Hi all,

I’m working on a hidden markov model to analyze multi-state capture-recapture data when there is uncertainty in the assignment of an individual’s state upon capture. In the ecological literature these are referred to as “multi-event” models. The transition and emission matrices are parametrized in terms of demographic rates and detection probabilities.

More concretely, my animals can be in three states: juveniles, adults or dead (coded 1,2,3 resp.). The observations take place in two periods each year, during the breeding season, and outside the breeding season. Thus there are four possible observable events for an individual in a given year: observed during the breeding season only, observed outside the breeding season only, observed in both periods, or neither (coded 1,2,3,4 resp.). The data consists of a capture history matrix, with each row corresponding to an individual, each column to a year, and each entry giving the individual’s observation code in that year.

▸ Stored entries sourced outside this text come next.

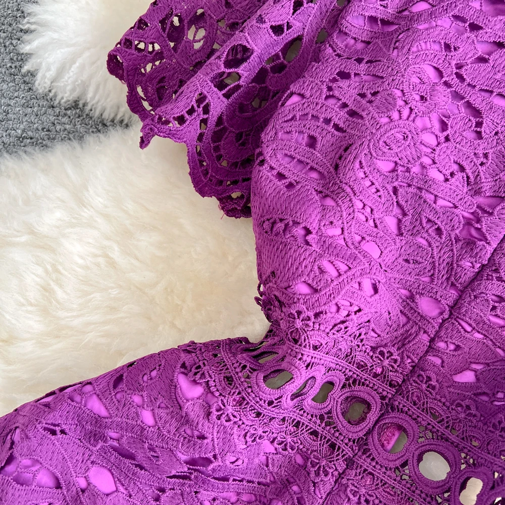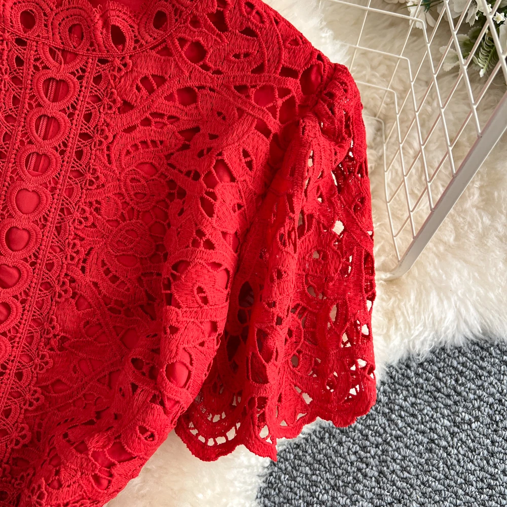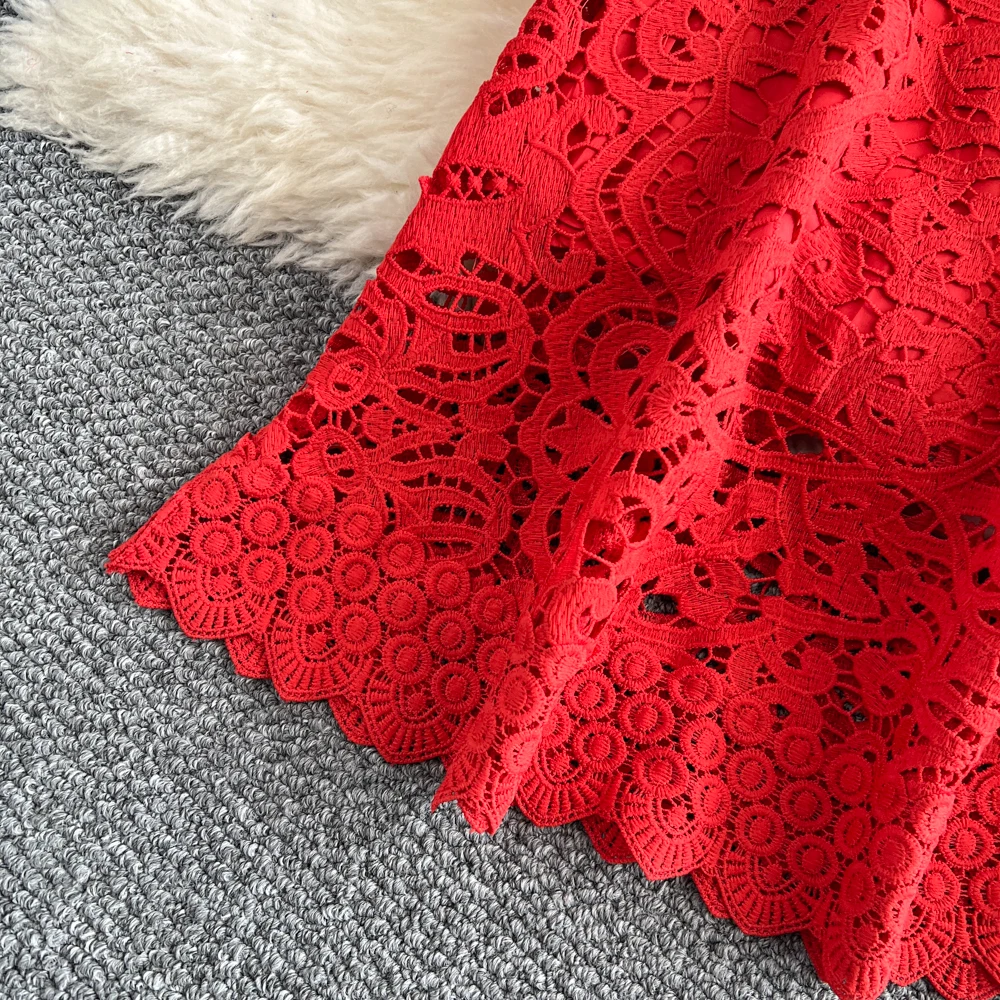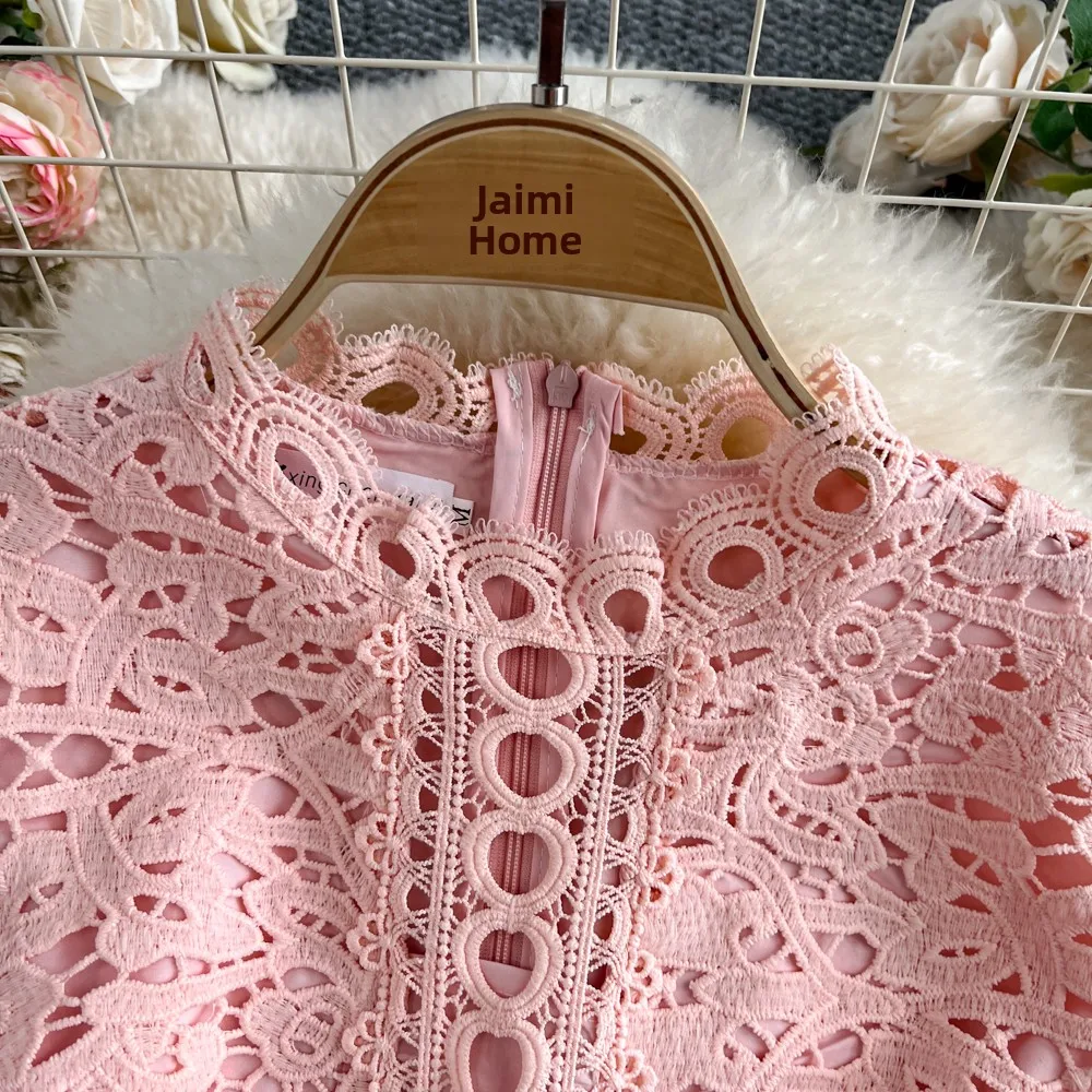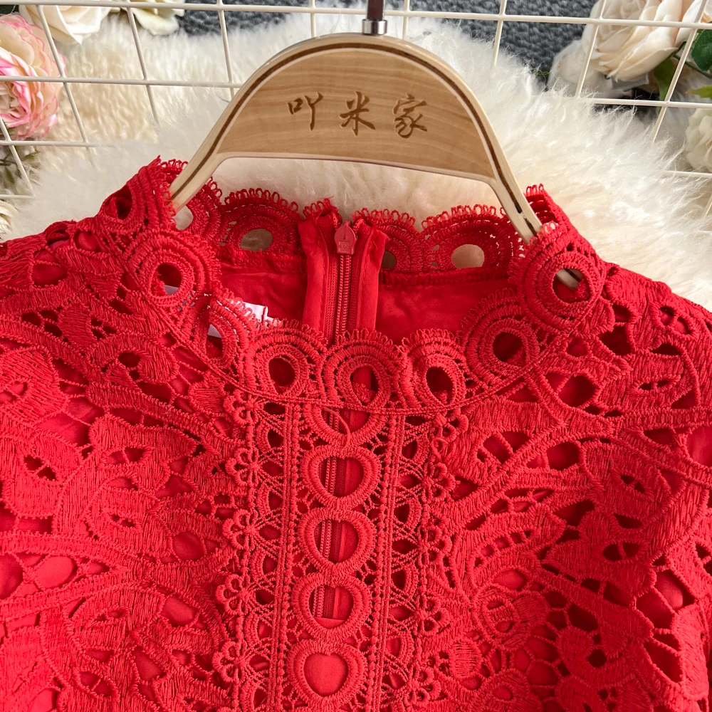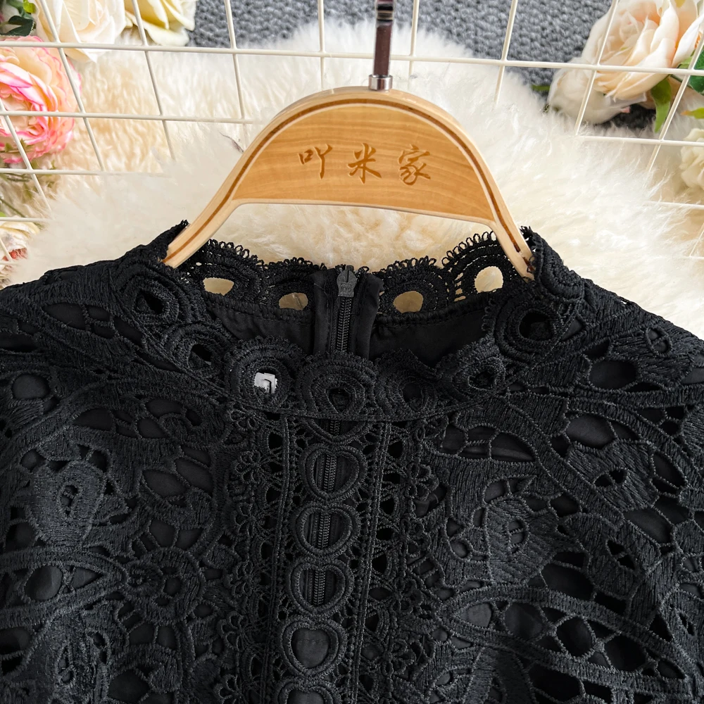 Slimming ort Sve Hollow out Waist-Cinched Hook-Design Dres Women's Faionable New Arrival Spring Summer Korean Sle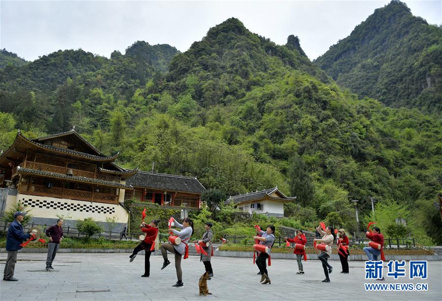 4月14日,湖北省宣恩县长潭河侗族乡两溪河村村民练习打腰鼓。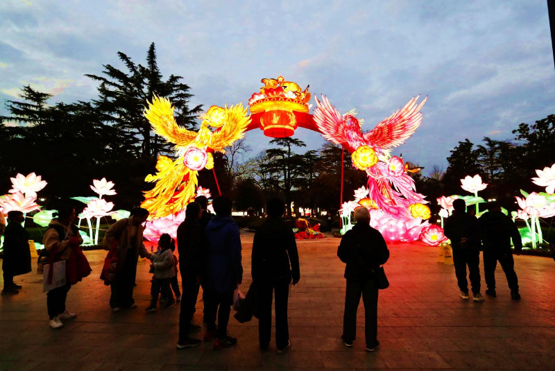 苏州公园(俗称“大公园”)位于古城区中心,是苏州第一座现代公园。其历史可追溯至春秋时期,原为吴国子城遗址,历经朝代更迭,承载着几代苏州人的集体记忆。此次非遗灯会精彩纷呈,彩灯《凤仪花境·迎宾雅筑》位于南门,双凤翩跹、牡丹盛放,取凤凰“祥瑞”、牡丹“富贵”的传统寓意。步道旁的《莲影伴行》,暖光包裹的莲影沿径铺展,粉莲与青荷相映,取意“和和美美”,为游客送上“步步皆伴祥和”的祝福。《竹韵莲鹤·姑苏新升》灯组里的清雅竹节寓意“节节高升”,荷花呼应水乡韵味,锦鲤代表顺遂,再配古韵琵琶,传递吴地雅乐风情。此外还有以唐装乐舞仕女为迎宾主角,配以竹节炮仗状装饰的《雅乐迎宾·竹炮呈祥》,《福神临苏·福满人间》萌态财神坐镇,金元宝落地……一步一景,让人目不暇接,流连忘返。

Here’s my model, with the forward algorithm to implemented as described in the Stan User Manual’s page on HMMs:

```
data {
int<lower=2> T; // number of years
int<lower=1> N; // number of individuals
int<lower=1,upper=4> y[N,T]; // capture histories
}
parameters {
// survival probabilities
real<lower=0,upper=1> psi1; // juveniles
real<lower=0,upper=1> psi2; // adults
// recruitment probability
real<lower=0,upper=1> beta;
// detection probabilities
real<lower=0,upper=1> q1; // juveniles outside breeding season
real<lower=0,upper=1> q2; // adults outside br. season
real<lower=0,upper=1> p; // adults during br. season
}
transformed parameters {
simplex[3] theta[3]; // transition probabilities
simplex[4] phi[3]; // emission probabilities
// define theta
theta[1] = [psi1*(1-beta), psi1*beta, 1-psi1]';
theta[2] = [ 0, psi2, 1-psi2]';
theta[3] = [ 0, 0, 1]';
//define phi
phi[1] = [ 0, q1, 0, 1-q1]';
phi[2] = [p*(1-q2), (1-p)*q2, p*q2, (1-p)*(1-q2)]';
phi[3] = [ 0, 0, 0, 1]';
}
model {
// default priors
// likelihood
for (n in 1:N) { // loop over individuals
matrix[T, 3] gamma;
vector[3] acc;
// initialise forward algorithm at t = 1
for (k in 1:3) {
gamma[1, k] = log(phi[k,y[n,1]]);
}
// recursion
for (t in 2:T) {
for (k in 1:3) { // k is hidden state at t
for (j in 1:3) { // j is hidden state at t-1
acc[j] = gamma[t-1,j] + log(theta[j, k])+ log(phi[k, y[n,t]]);
}
gamma[t, k] = log_sum_exp(acc);
}
}
target += log_sum_exp(gamma[T]);
}
}
```

And here is the R code I used to simulate data under the model:

```
### Set values for parameters and transformed parameters ###
# parameters
psi1 <- 0.77
psi2 <- 0.9
beta <- 0.33
q1 <- 0.7
q2 <- 0.8
p <-0.8
# transition matrix
theta <- matrix(c(psi1*(1-beta), psi1*beta, 1-psi1,
0, psi2, 1-psi2,
0, 0, 1), byrow=T, nrow=3)
# emission matrix
phi <- matrix(c( 0, q1, 0, 1-q1,
p*(1-q2), (1-p)*q2, p*q2, (1-p)*(1-q2),
0, 0, 0, 1), byrow=T, nrow=3)
### Simulate data ###
# Assume the individuals are all detected as juveniles at time 1
T <- 10
N <- 100
# Simulate hidden states
z <- matrix(NA,nrow=N,ncol=T)
z[,1] <- rep(1,N)
for (n in 1:N){
for (t in 1:(T-1)){
z[n,t+1] <- sample(1:3,1,prob=theta[z[n,t],])
}
}
# Simulate observations
y <- matrix(4, N,T)
for (n in 1:N){
for (t in 1:T){
y[n,t] <- sample(1:4,1,prob=phi[z[n,t],])
}
}
# Remove individuals that are never observed
observed <- which(apply(y,1,min)!=4)
y <- y[observed,]
z <- z[observed,]
# Fit model
N <- dim(y)[1]
T <- dim(y)[2]
input_data <- list(T=T,N=N,y=y)
fit <- stan("model.stan",data=input_data)
```

The model fails to initialize: the initial values are repeatedly rejected, with the error “Gradient evaluated at initial value is not finite.” I don’t understand why?

All the parameters are appropriately constrained, and I think all the simplices in the transformed parameters block are valid. Setting “inits=0” in the call to stan() does not help.

Perhaps the issue relates to log(0) values that occur in the forward algorithm, e.g. for log(theta[2,1])? These negative infinity values should behave the right way as far as the calculation of the likelihood goes, but perhaps they are a problem for the gradient?

Any insights or suggestions would be much appreciated!